Activity: Repeat the listing exactly, minus the pictures.

Data excerpt:

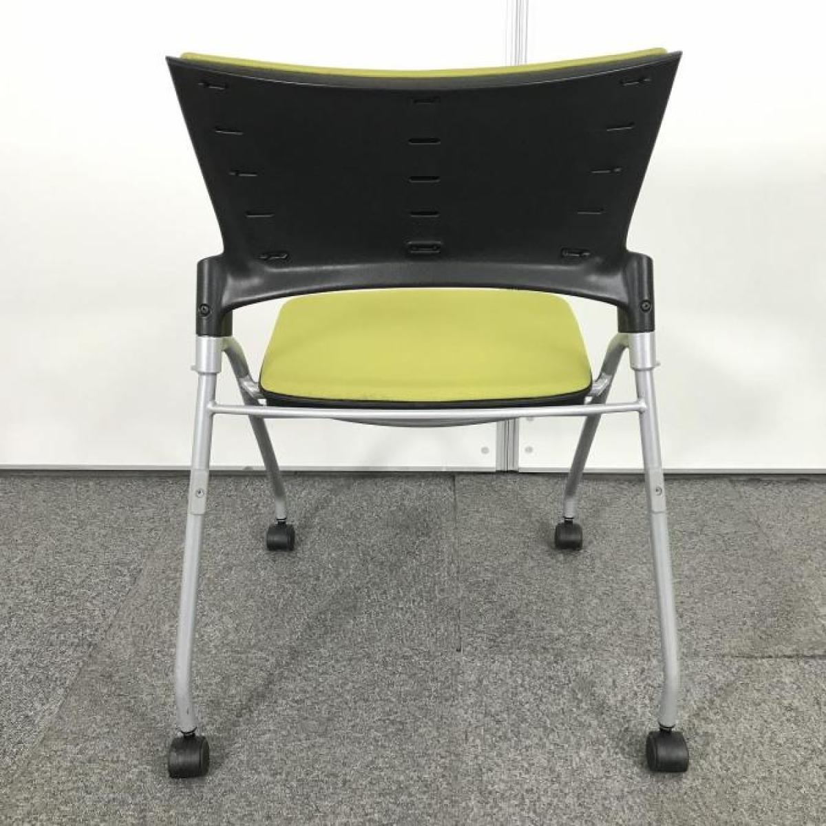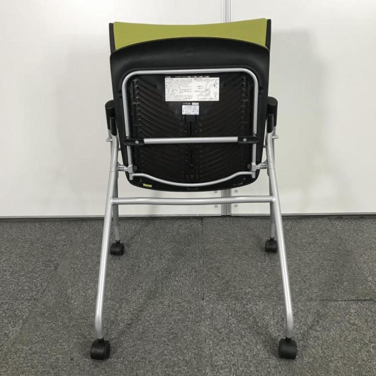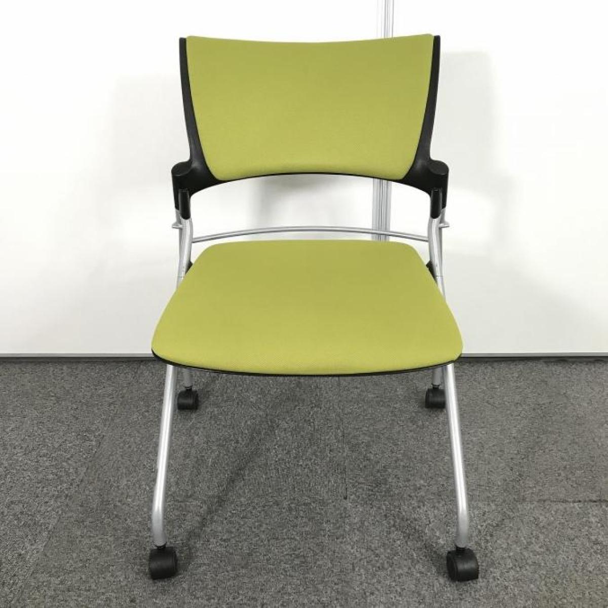 【在庫入替セール】【4脚限定】【平行ネスティングで省スペース化!】■イトーキ(ITOKI)製 マノスチェア(MANOSS)肘無 ネスティングチェア ミーティングチェア ■背パッド キャスター付 ■アイビーグリーン×ブラックシェル
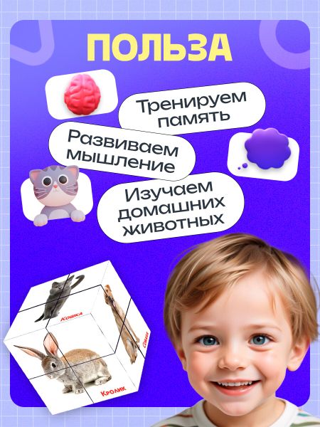 Развивающий трансформер «Умникуб: Домашние животные», 3+. «Умникуб: Домашние животные» — развивающий трансформер для детей от 3 лет. С увлекательной игрушкой ребенок запомнит названия домашних животных, разовьет память и пополнит словарный запас. <b> Как играть</b> Крутите кубик, составляйте картинки и называйте изображенных животных. <b> Картинки животных</b> <ul> <li> Кошка.</li> <li> Собака.</li> <li> Корова.</li> <li> Овца.</li> <li> Курица.</li> <li> Свинья.</li> <li> Лошадь.</li> <li> Коза.</li> <li> Осел.</li> <li> Кролик.</li> <li> Гусь.</li> <li> Индюк.</li> </ul> <b> Особенности</b> <ul> <li> Размер кубика: 8 × 8 см.</li> <li> Благодаря компактному формату игрушку можно использовать в любых условиях — дома, в поездках или на прогулке.</li> </ul> С Развивающим трансформером ребенок увлекательно проведет время, развивая логическое мышление, воображение и мелкую моторику.
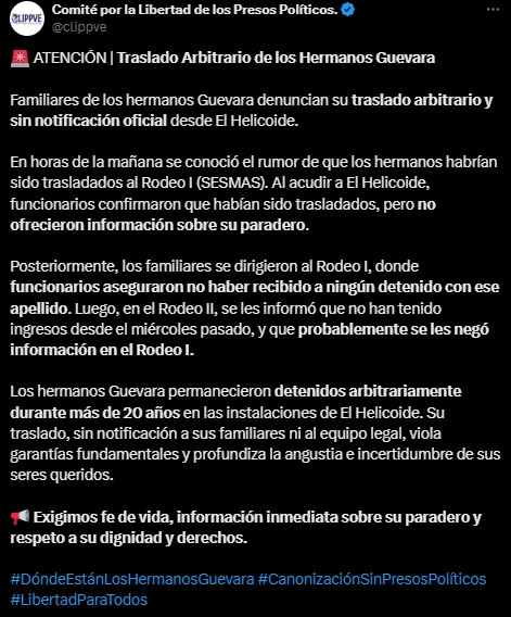 “En horas de la mañana se conoció el rumor de que los hermanos habrían sido trasladados al Rodeo I (SESMAS). Al acudir a El Helicoide, funcionarios confirmaron que habían sido trasladados, pero no ofrecieron información sobre su paradero”, informó el Comité. Los familiares visitaron Rodeo I, donde se les negó el ingreso de los Guevara, y en Rodeo II se les indicó que no había nuevos ingresos desde el miércoles pasado, sugiriendo que la información pudo ser ocultada en el primer centro penitenciario.
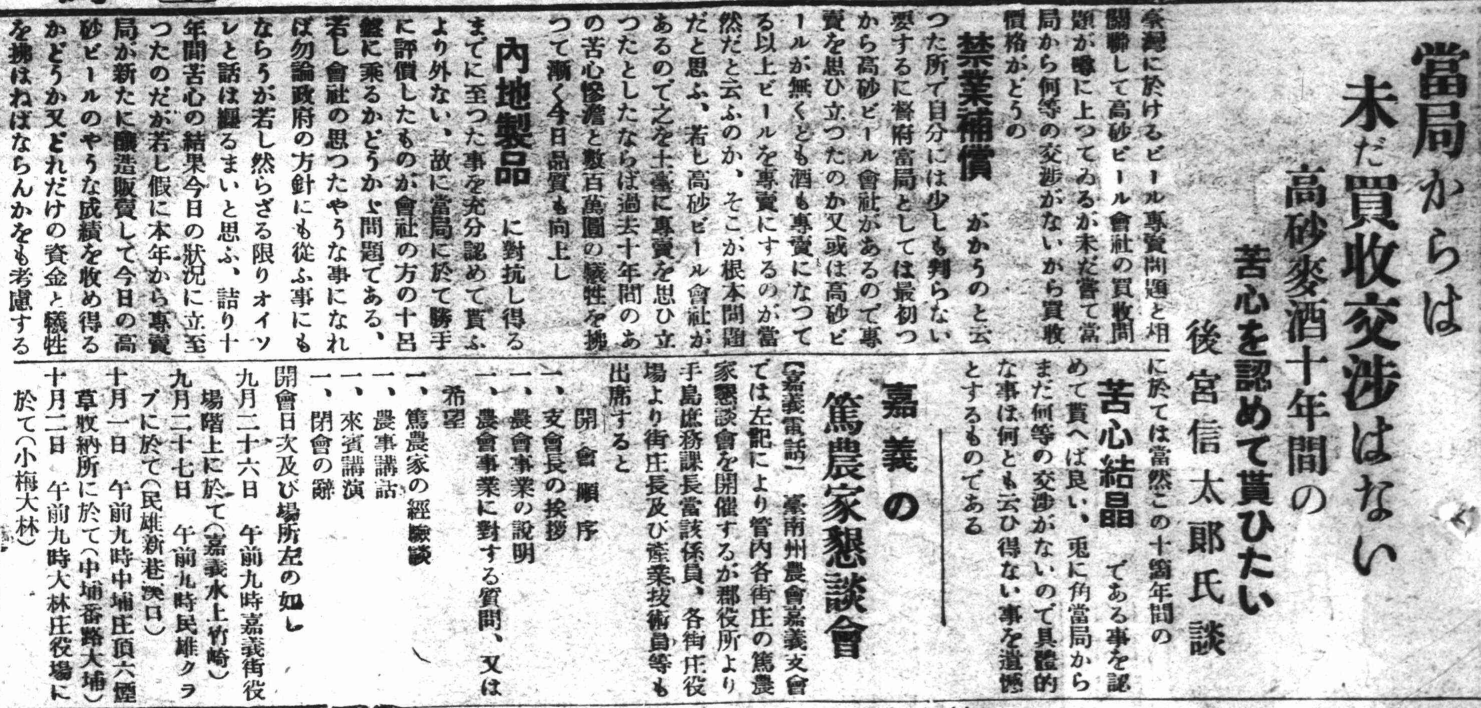1928年9月高砂麥酒社長後宮信太郎在《臺灣日日新報》上發表評論,強調高砂麥酒「過去十年來苦心慘澹經營所付出的犧牲,現在品質也逐步提升,甚至被認同足以與(日本)內地產品抗衡。」暗示專賣局如要收購高砂麥酒會社,應該要將高砂麥酒自1919年成立以來所投入的各項成本與犧牲都納入考量,提高收購價錢。

Completed exercise:
 【在庫入替セール】【4脚限定】【平行ネスティングで省スペース化!】■イトーキ(ITOKI)製 マノスチェア(MANOSS)肘無 ネスティングチェア ミーティングチェア ■背パッド キャスター付 ■アイビーグリーン×ブラックシェル
 Развивающий трансформер «Умникуб: Домашние животные», 3+. «Умникуб: Домашние животные» — развивающий трансформер для детей от 3 лет. С увлекательной игрушкой ребенок запомнит названия домашних животных, разовьет память и пополнит словарный запас. <b> Как играть</b> Крутите кубик, составляйте картинки и называйте изображенных животных. <b> Картинки животных</b> <ul> <li> Кошка.</li> <li> Собака.</li> <li> Корова.</li> <li> Овца.</li> <li> Курица.</li> <li> Свинья.</li> <li> Лошадь.</li> <li> Коза.</li> <li> Осел.</li> <li> Кролик.</li> <li> Гусь.</li> <li> Индюк.</li> </ul> <b> Особенности</b> <ul> <li> Размер кубика: 8 × 8 см.</li> <li> Благодаря компактному формату игрушку можно использовать в любых условиях — дома, в поездках или на прогулке.</li> </ul> С Развивающим трансформером ребенок увлекательно проведет время, развивая логическое мышление, воображение и мелкую моторику.
 “En horas de la mañana se conoció el rumor de que los hermanos habrían sido trasladados al Rodeo I (SESMAS). Al acudir a El Helicoide, funcionarios confirmaron que habían sido trasladados, pero no ofrecieron información sobre su paradero”, informó el Comité. Los familiares visitaron Rodeo I, donde se les negó el ingreso de los Guevara, y en Rodeo II se les indicó que no había nuevos ingresos desde el miércoles pasado, sugiriendo que la información pudo ser ocultada en el primer centro penitenciario.
1928年9月高砂麥酒社長後宮信太郎在《臺灣日日新報》上發表評論,強調高砂麥酒「過去十年來苦心慘澹經營所付出的犧牲,現在品質也逐步提升,甚至被認同足以與(日本)內地產品抗衡。」暗示專賣局如要收購高砂麥酒會社,應該要將高砂麥酒自1919年成立以來所投入的各項成本與犧牲都納入考量,提高收購價錢。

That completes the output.